Required from the data below: the exact lines starting at the line containing "Style: Black Handmade" and ending at the line containing "丸い目が特徴的なフクロウのシンプルな線画イラストアイコン", with both ends kept and all pictures dropped.

+++ RAW DATA +++

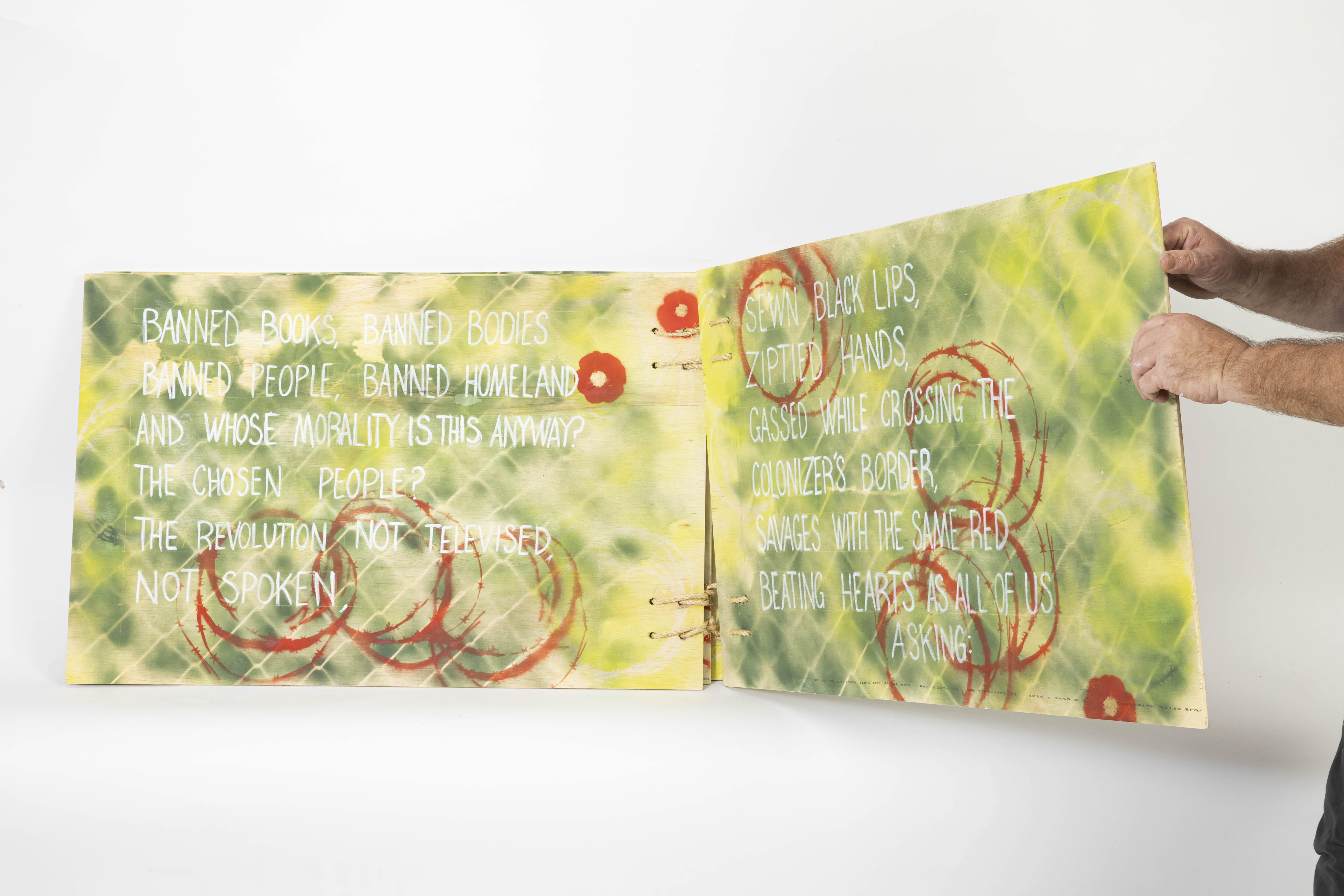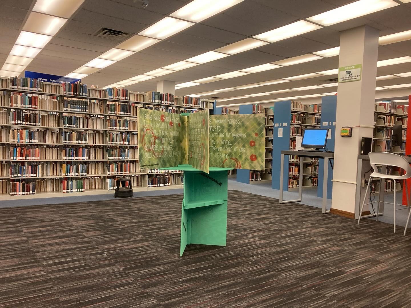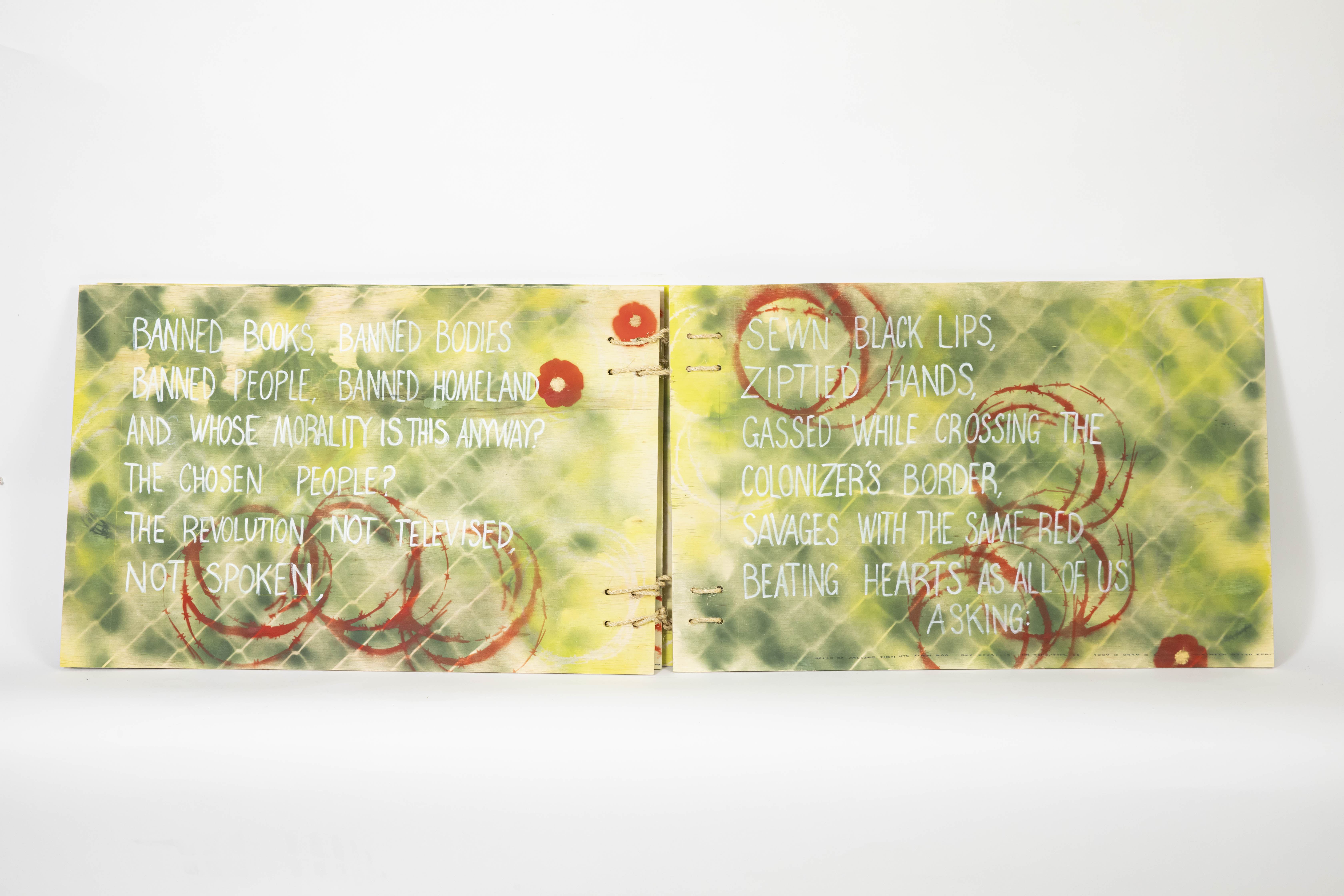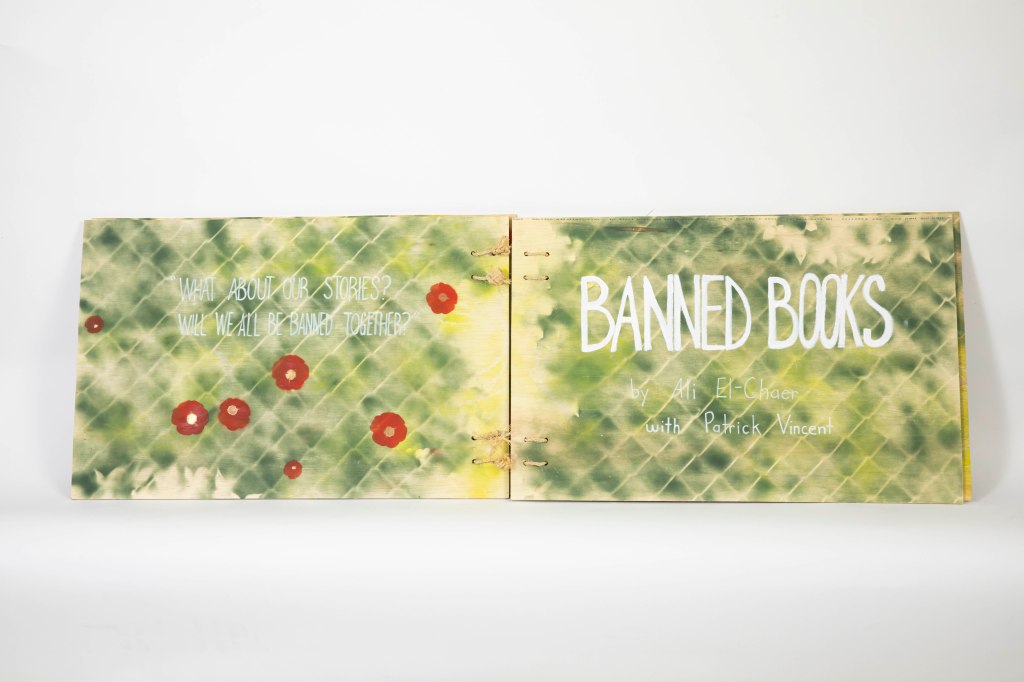 “Patrick Vincent and Ali El-Chaer’s collaborative book visualize’s El-Chaer’s original poem ‘Banned Books.’ The poem and its visualization reacts to historic and contemporary violence, colonialism, and oppression related to the restriction of writing and access to books.” –Unbannable Library project
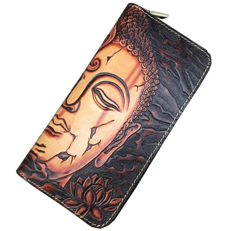 Style: Black Handmade Buddha Leather Long Wallet Zipper Wallet Clutch Wallet For Men
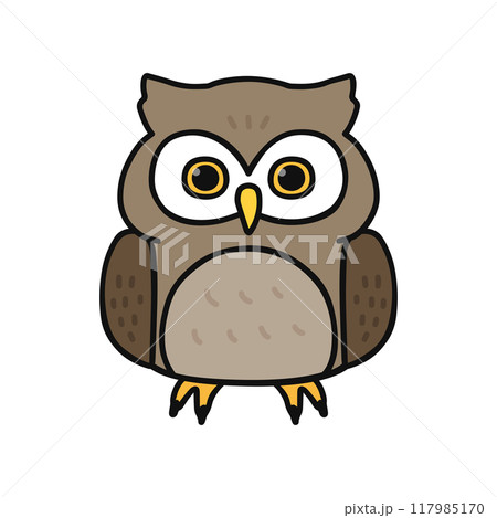 丸い目が特徴的なフクロウのシンプルな線画イラストアイコン
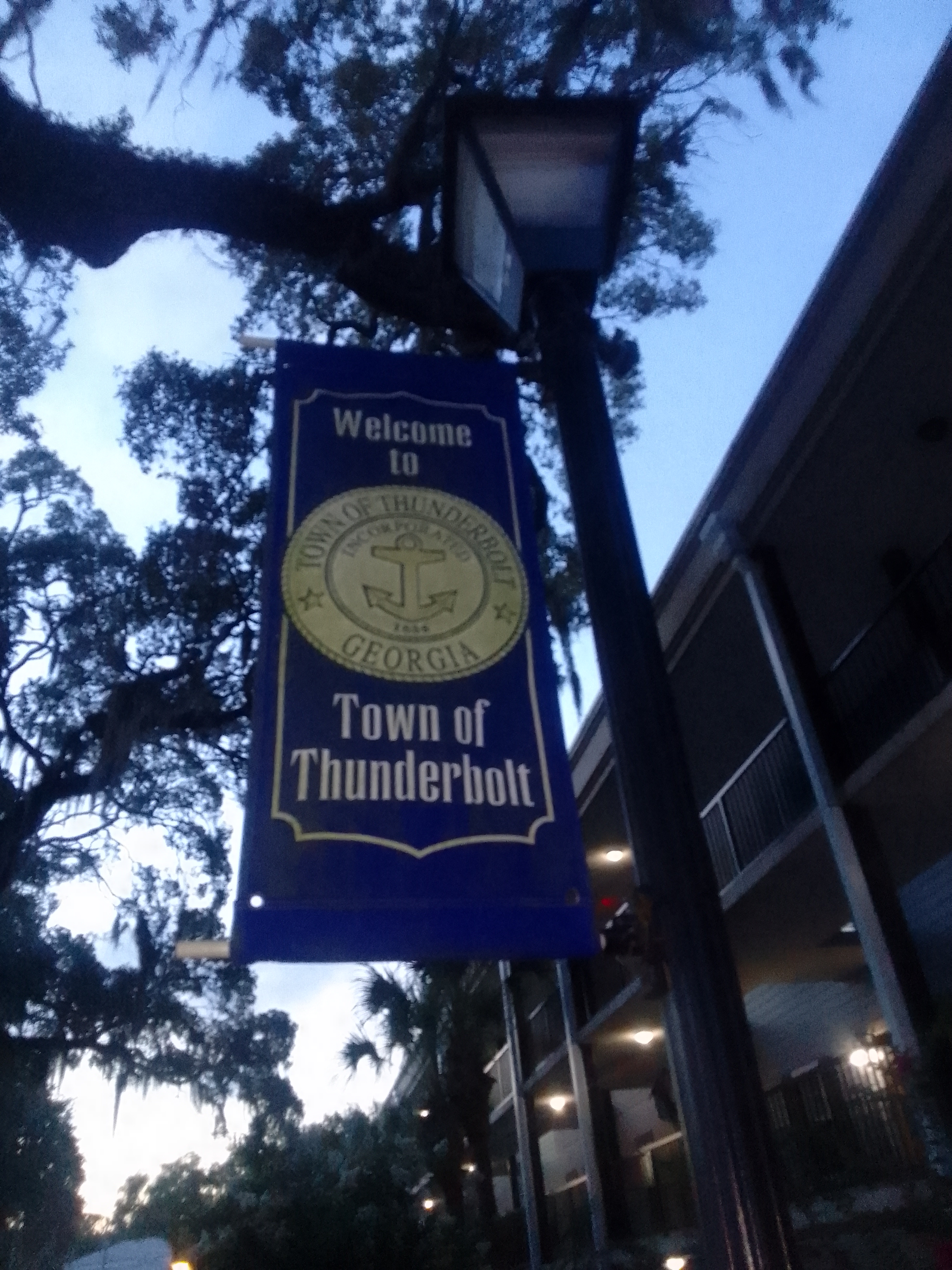 Once the sun went down and the temperature cooled off a bit, we strolled through the tiny town of Thunderbolt (near Savannah). The town embraces its history around the the yacht basin so much that even the town seal has an anchor on it.

+++

YOUR RESPONSE:
 Style: Black Handmade Buddha Leather Long Wallet Zipper Wallet Clutch Wallet For Men
 丸い目が特徴的なフクロウのシンプルな線画イラストアイコン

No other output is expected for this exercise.